1. The cockroach Henschoutedenia epilamproides produces distinctive patterns of sound, on being disturbed, by means of a stridulatory apparatus. The carrier frequency of the sound is between 4.5 and 5.0 kcyc./sec., and is amplitude-modulated to form pulses. These pulses are grouped to form chirps, which are emitted singly or in a series. The structure of the longer chirps (50-100 msec.) may be quite complex.

2. While the circumstances under which sound is usually produced in the laboratory suggests that it is not important in intraspecific communication, it may be of some importance to the cockroach to hear its own sound. Recordings made from the cereal nerve show that the cockroach responds hardly at all to its own sound, and very poorly to artificial tones above 400 cyc./sec. The cercal afferents are most sensitive to tones of 50 cyc./sec, and will respond to less than 60 db. at this frequency.

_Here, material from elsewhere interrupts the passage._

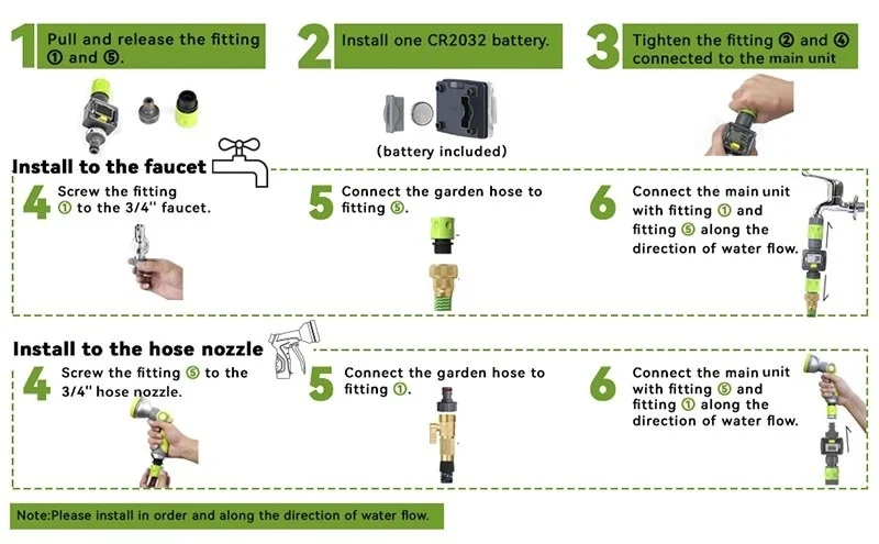 Простое и быстрое соединение> Интеллектуальный расходомер поставляется с быстроразъемными соединителями для шлангов, может быть легко подключен к любой стойке 3/4 ''садовый шланг, кран, спринклер и насадка. Обратите внимание, что Следуйте направлению потока воды, чтобы установить счетчик воды в шланге.

3. Although the auditory performance of Henschoutedenia cercal receptors appears poor by comparison with Periplaneta americana, their responses to air movements are most striking. Some difficulty was experienced in standardizing this form of stimulation, but it appeared that Henschoutedenia was much more sensitive than Periplaneta to this form of stimulation.

4. Experiments with rodents (Rattus rattus and Clethrionomys glareolus) lent some support to the idea that the cockroach sound mimicked the cries of rodent predators, and had some deterrent effect on them.